With this bid, Tesla is trying to become what Musk probably wanted it to be all along: an integrated holding company providing global-warming solutions.


If the SolarCity deal goes through, then Tesla will be a carmaker; a battery maker, thanks to the Gigafactory being built in Nevada; an energy storage company, thanks to Tesla Energy, unveiled last year and selling residential battery packs; and a solar finance firm.
Put all that together under one roof and you get a company that can sell or lease you a zero-emission, off-the-grid lifestyle.

Plus, Musk rescues his SolarCity investment in the process. But there's nothing surprising here in the master plan.
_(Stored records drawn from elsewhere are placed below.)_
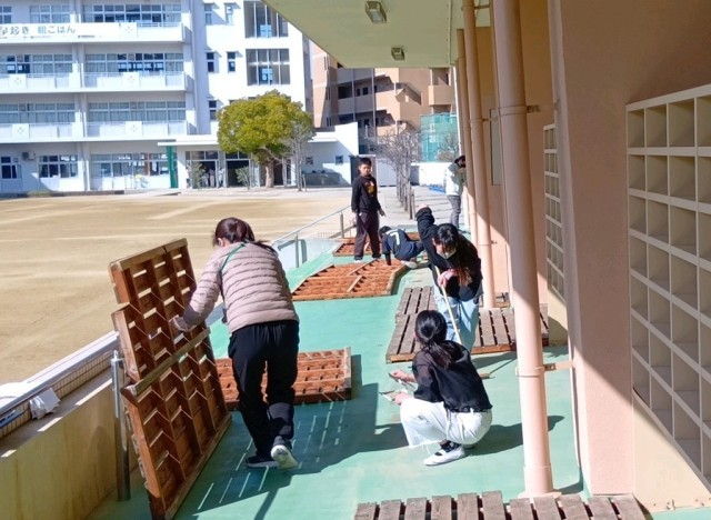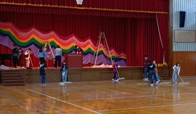 明日の卒業式にむけて、5年生が中心となり会場の準備を行いました。体育館フロア、体育館まわりの掃除をはじめ、下足室や廊下など、明日の卒業式が晴れやかなものになるよう心をこめて、ていねいに準備をしました。
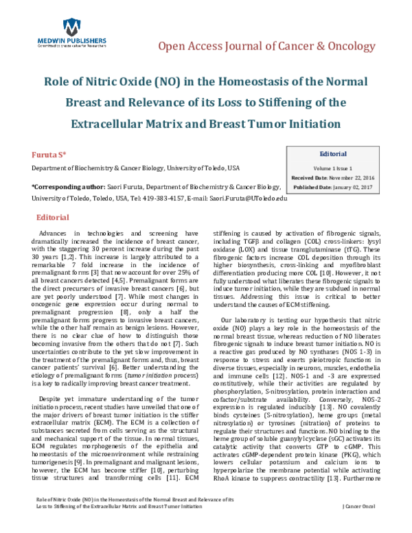 (PDF) Role of Nitric Oxide (NO) in the Homeostasis of the Normal Breast
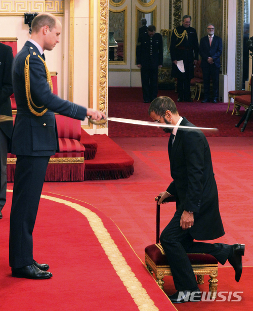 【런던=AP/뉴시스】 20일 전 비틀스 멤버인 링고 스타가 버킹엄 궁에서 왕세손 윌리엄 왕자로부터 기사 작위를 부여 받고 있다. 2018. 3. 20.
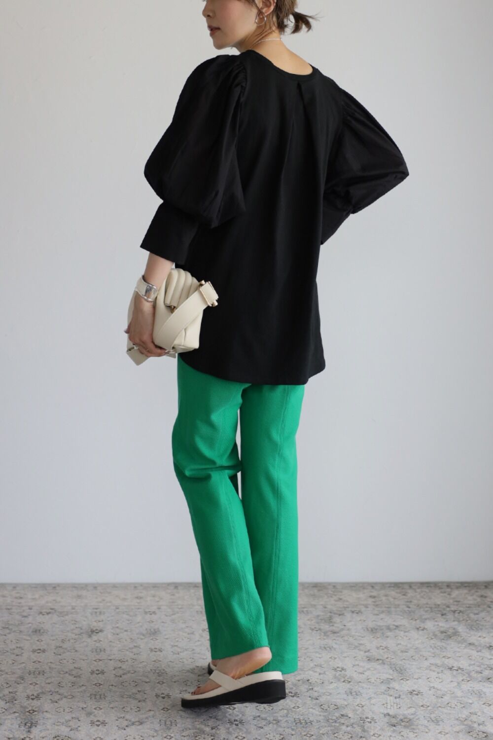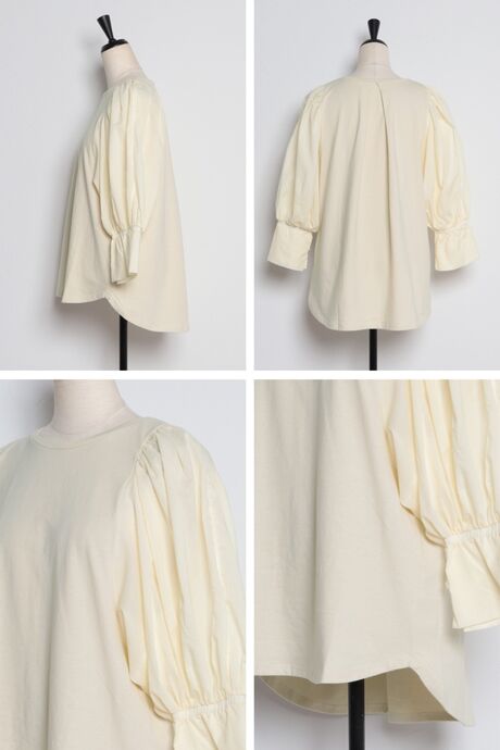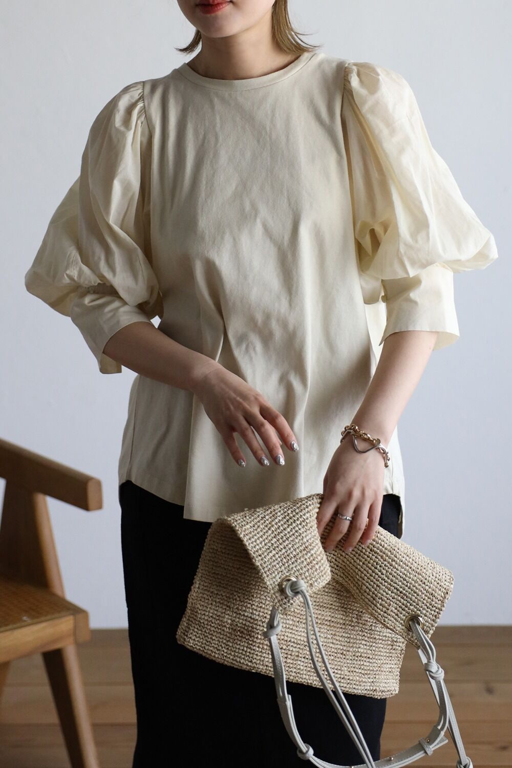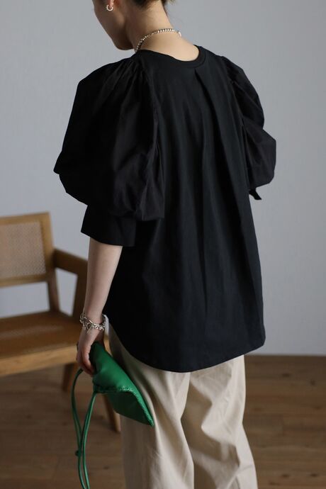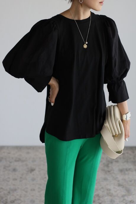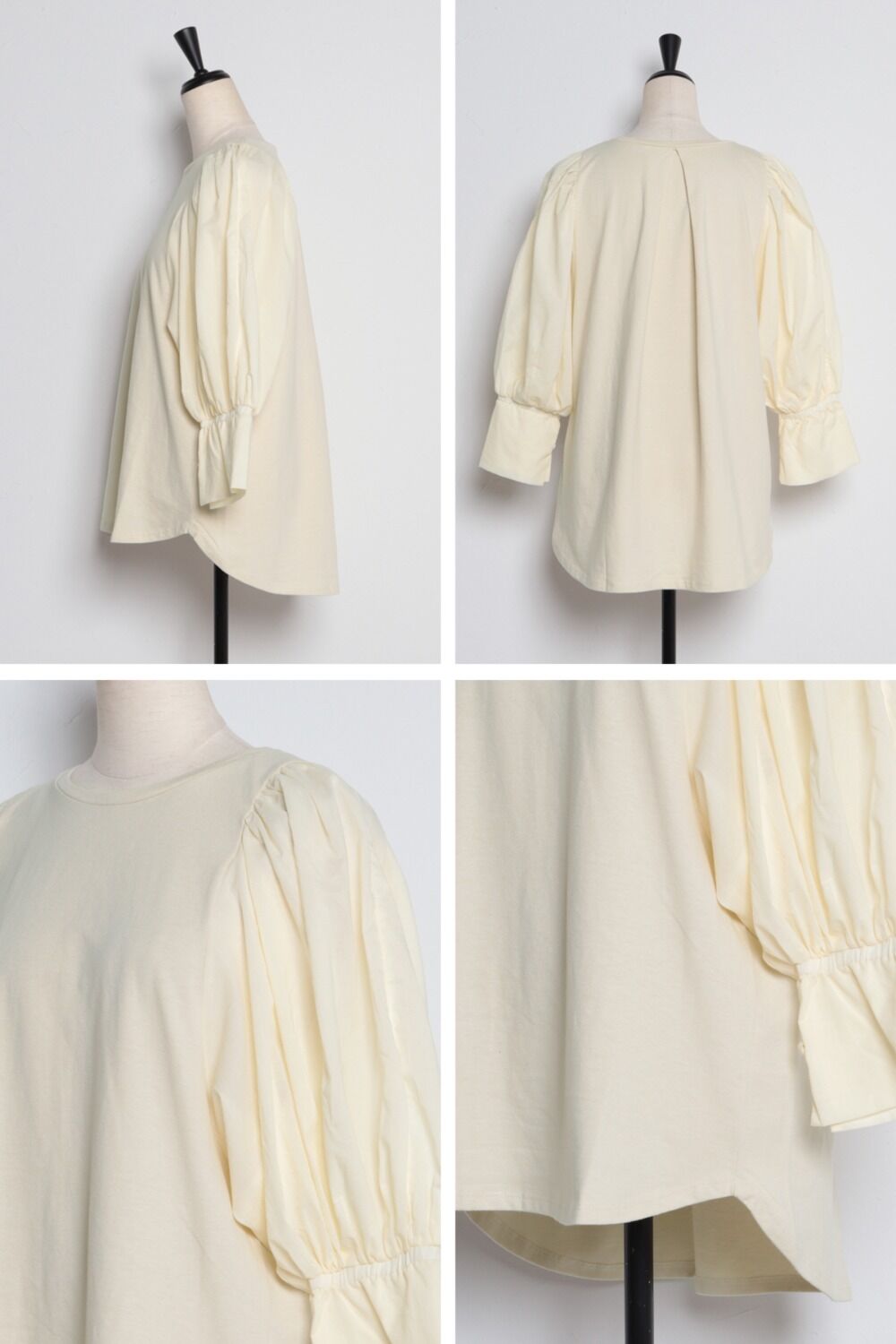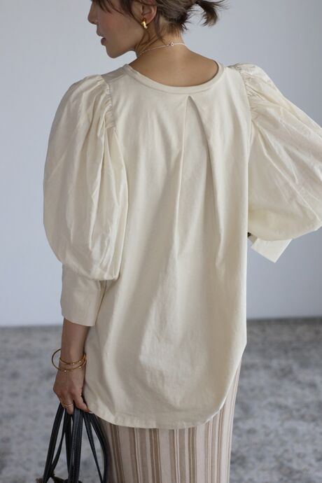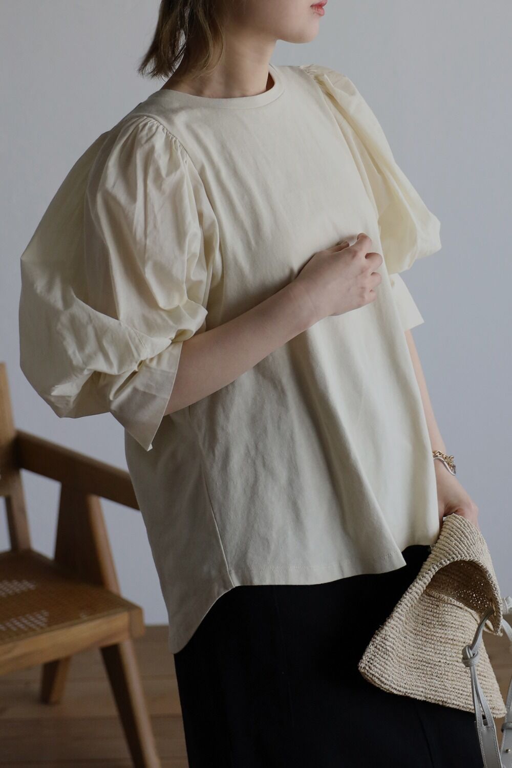 袖のふんわりとした異素材のディテールが目を惹くトップス。
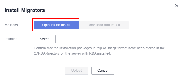 Upload and install: Click Select to upload the OMS plugin installation package. Ensure that the OMS plugin installation package has been stored in the C:\RDA directory of the server where RDA is installed.
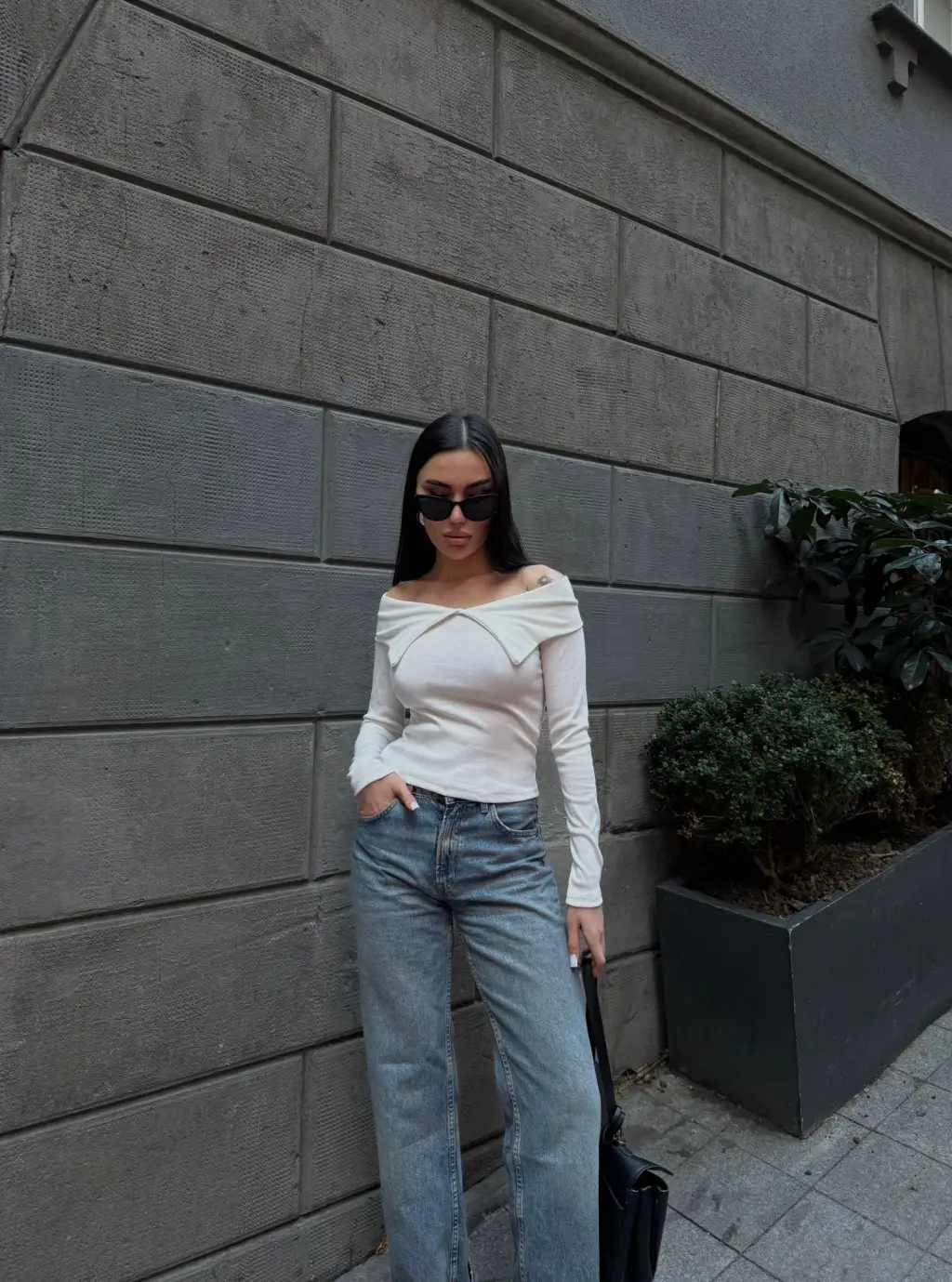 Kelebek yaka uzun kol bluz beyaz, şıklığı ve rahatlığı bir arada sunar.
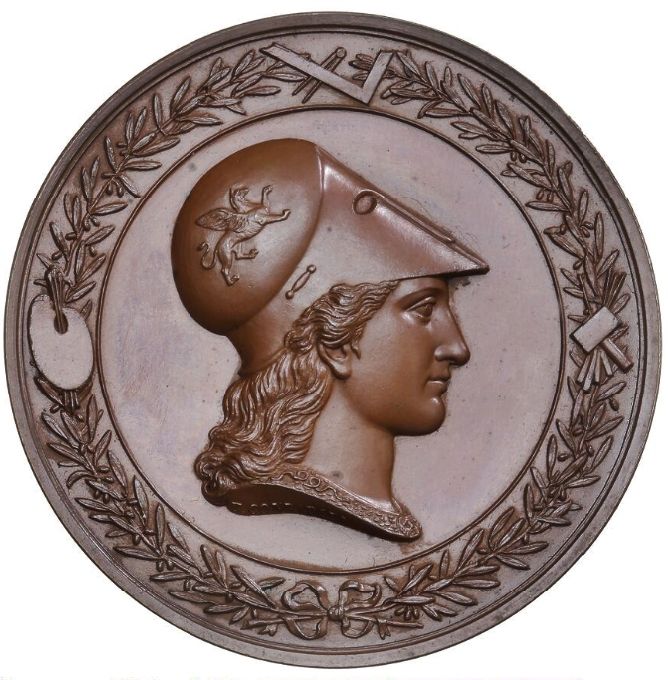 Описание: Внутри круга изображен крылатый Гений, держащий в правой руке венок, а в левой — перо. Снаружи, по кругу, дата расположена ниже, по бокам от нее находятся две лавровые ветви, а надпись — выше.
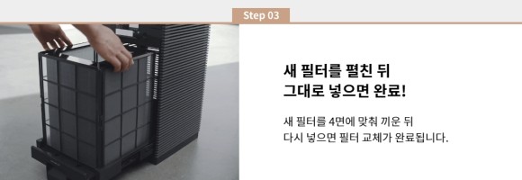 새 필터를 펼저준뒤 4면에 맞추어 슥 넣어주기면 하면 끝이에요!
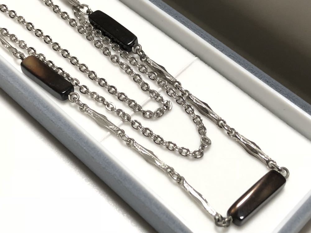 黒蝶貝を使用した、3連ロングデザインネックレスです。
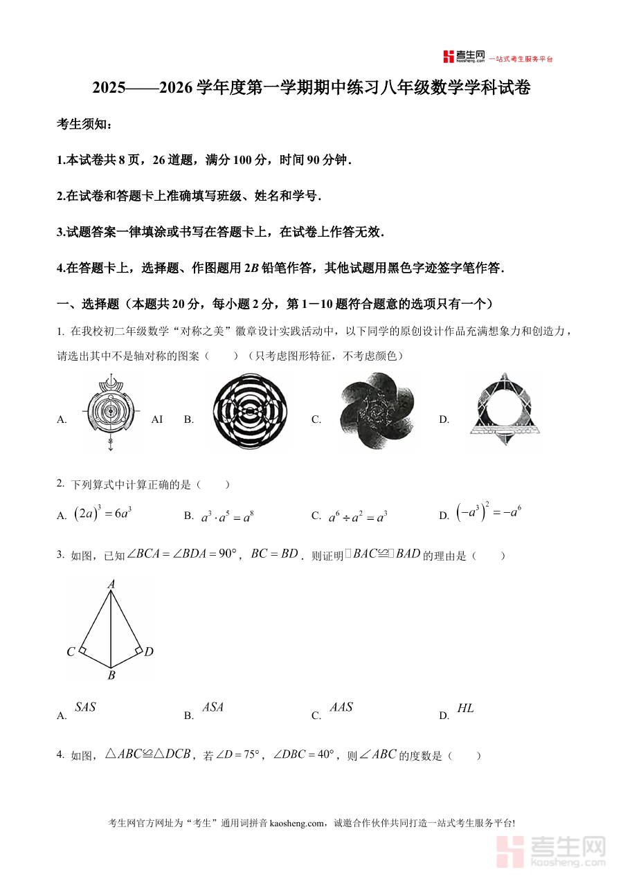 《精品解析:北京市北京大学附属中学2025~2026学年上学期八年级期中数学试卷(原卷版)》是针对北京市北京大学附属中学2025至2026学年上学期八年级学生期中数学考试的备考资料,聚焦该学年上学期期中阶段的数学学习内容,为学生提供与校内考试直接相关的练习载体,帮助其提前适应考试场景与要求。
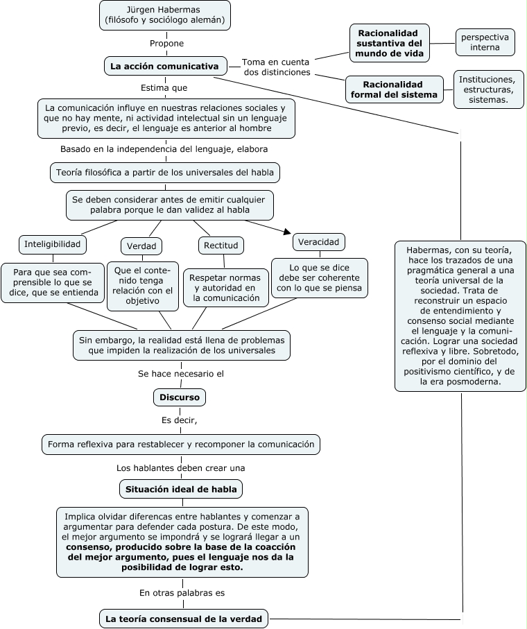 Este Cmap, tiene información relacionada con: 4. La acción comunicativa, Para que sea com- prensible lo que se dice, que se entienda ???? Sin embargo, la realidad está llena de problemas que impiden la realización de los universales, La acción comunicativa Habermas, con su teoría, hace los trazados de una pragmática general a una teoría universal de la sociedad. Trata de reconstruir un espacio de entendimiento y consenso social mediante el lenguaje y la comuni- cación. Lograr una sociedad reflexiva y libre. Sobretodo, por el dominio del positivismo científico, y de la era posmoderna., La acción comunicativa Toma en cuenta dos distinciones Racionalidad formal del sistema, Racionalidad sustantiva del mundo de vida ???? perspectiva interna, La acción comunicativa Estima que La comunicación influye en nuestras relaciones sociales y que no hay mente, ni actividad intelectual sin un lenguaje previo, es decir, el lenguaje es anterior al hombre, Veracidad ???? Lo que se dice debe ser coherente con lo que se piensa, La acción comunicativa Habermas, con su teoría, hace los trazados de una pragmática general a una teoría universal de la sociedad. Trata de reconstruir un espacio de entendimiento y consenso social mediante el lenguaje y la comuni- cación. Lograr una sociedad reflexiva y libre. Sobretodo, por el dominio del positivismo científico, y de la era posmoderna., La acción comunicativa Toma en cuenta dos distinciones Racionalidad sustantiva del mundo de vida, Inteligibilidad ???? Para que sea com- prensible lo que se dice, que se entienda, Situación ideal de habla ???? Implica olvidar diferencas entre hablantes y comenzar a argumentar para defender cada postura. De este modo, el mejor argumento se impondrá y se logrará llegar a un consenso, producido sobre la base de la coacción del mejor argumento, pues el lenguaje nos da la posibilidad de lograr esto., Lo que se dice debe ser coherente con lo que se piensa ???? Sin embargo, la realidad está llena de problemas que impiden la realización de los universales, Implica olvidar diferencas entre hablantes y comenzar a argumentar para defender cada postura. De este modo, el mejor argumento se impondrá y se logrará llegar a un consenso, producido sobre la base de la coacción del mejor argumento, pues el lenguaje nos da la posibilidad de lograr esto. En otras palabras es La teoría consensual de la verdad, Que el conte- nido tenga relación con el objetivo ???? Sin embargo, la realidad está llena de problemas que impiden la realización de los universales, Forma reflexiva para restablecer y recomponer la comunicación Los hablantes deben crear una Situación ideal de habla, Se deben considerar antes de emitir cualquier palabra porque le dan validez al habla ???? Inteligibilidad, Sin embargo, la realidad está llena de problemas que impiden la realización de los universales Se hace necesario el Discurso, Respetar normas y autoridad en la comunicación ???? Sin embargo, la realidad está llena de problemas que impiden la realización de los universales, Se deben considerar antes de emitir cualquier palabra porque le dan validez al habla ???? Verdad, Racionalidad formal del sistema ???? Instituciones, estructuras, sistemas., Se deben considerar antes de emitir cualquier palabra porque le dan validez al habla ???? Veracidad
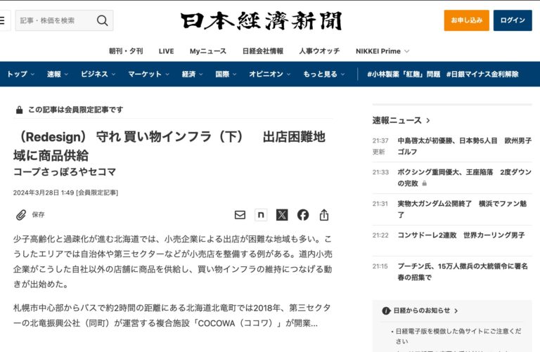 2024年4月1日(月) 株式会社 日本経済新聞社(東京都)が運営するインターネットサイト【日本経済新聞社】に、「(Redesign) 守れ 買い物インフラ(下) 出店困難地域に商品供給」の記事(3月 […]
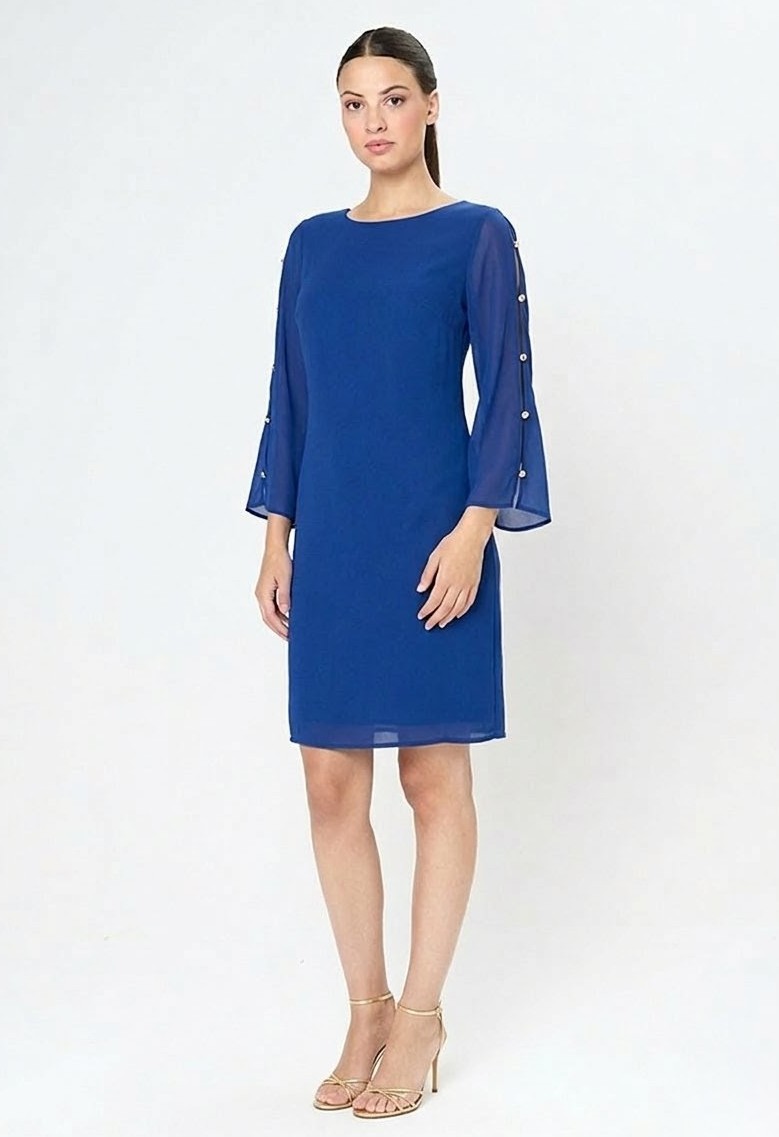 Vestido gasa detalle botones manga azul marino

Musk has always thought of the companies he's involved with as a single mega investment. It makes sense to use the stock of one to keep another one going.
Yes, all that debt could eventually be a major problem for Tesla. It is already burning cash like crazy as it tries to go from building 50,000 cars a year in 2015 to building 500,000 annually by 2018. And SolarCity is incinerating cash.
So that debt load that Tesla would be taking on isn't going anywhere. Shareholders could rightly accuse Musk of hanging a $3 billion anchor around Tesla's neck.
Of course, shareholders could also vote against the deal, or if they don't think loading Tesla up with another company's debt is a good idea, then they can sell their shares.
If Tesla can really save the world, then from Musk's perspective, taking on all that debt has been worth it.